> Task description: Print, word for word, the opening line of the data below and every line after it through the line that contains "从图表2的固定资产看,优然牧", but not the pictures.

(Items from a dataset)
........

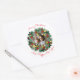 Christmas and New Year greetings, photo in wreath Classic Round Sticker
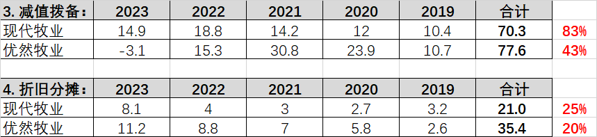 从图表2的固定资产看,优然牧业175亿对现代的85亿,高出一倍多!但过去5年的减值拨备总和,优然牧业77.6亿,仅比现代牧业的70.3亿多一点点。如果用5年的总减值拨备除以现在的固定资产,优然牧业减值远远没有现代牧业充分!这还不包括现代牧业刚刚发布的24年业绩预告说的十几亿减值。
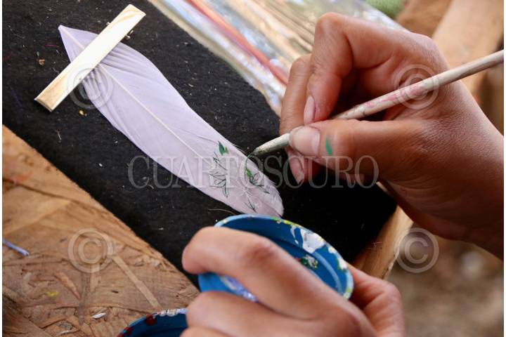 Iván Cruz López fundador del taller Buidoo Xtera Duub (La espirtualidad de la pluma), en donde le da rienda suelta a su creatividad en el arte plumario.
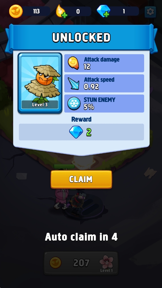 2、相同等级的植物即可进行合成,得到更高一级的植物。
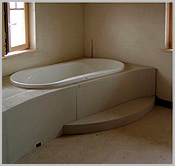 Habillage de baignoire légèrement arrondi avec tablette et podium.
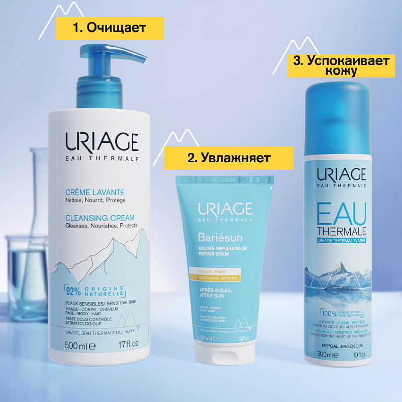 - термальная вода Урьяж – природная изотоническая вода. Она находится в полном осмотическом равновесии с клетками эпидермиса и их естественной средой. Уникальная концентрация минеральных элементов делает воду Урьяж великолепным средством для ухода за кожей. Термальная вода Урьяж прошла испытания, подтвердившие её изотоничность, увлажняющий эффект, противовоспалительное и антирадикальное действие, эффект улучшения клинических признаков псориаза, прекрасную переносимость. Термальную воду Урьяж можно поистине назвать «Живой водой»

........

> Task response:
 Christmas and New Year greetings, photo in wreath Classic Round Sticker
 从图表2的固定资产看,优然牧业175亿对现代的85亿,高出一倍多!但过去5年的减值拨备总和,优然牧业77.6亿,仅比现代牧业的70.3亿多一点点。如果用5年的总减值拨备除以现在的固定资产,优然牧业减值远远没有现代牧业充分!这还不包括现代牧业刚刚发布的24年业绩预告说的十几亿减值。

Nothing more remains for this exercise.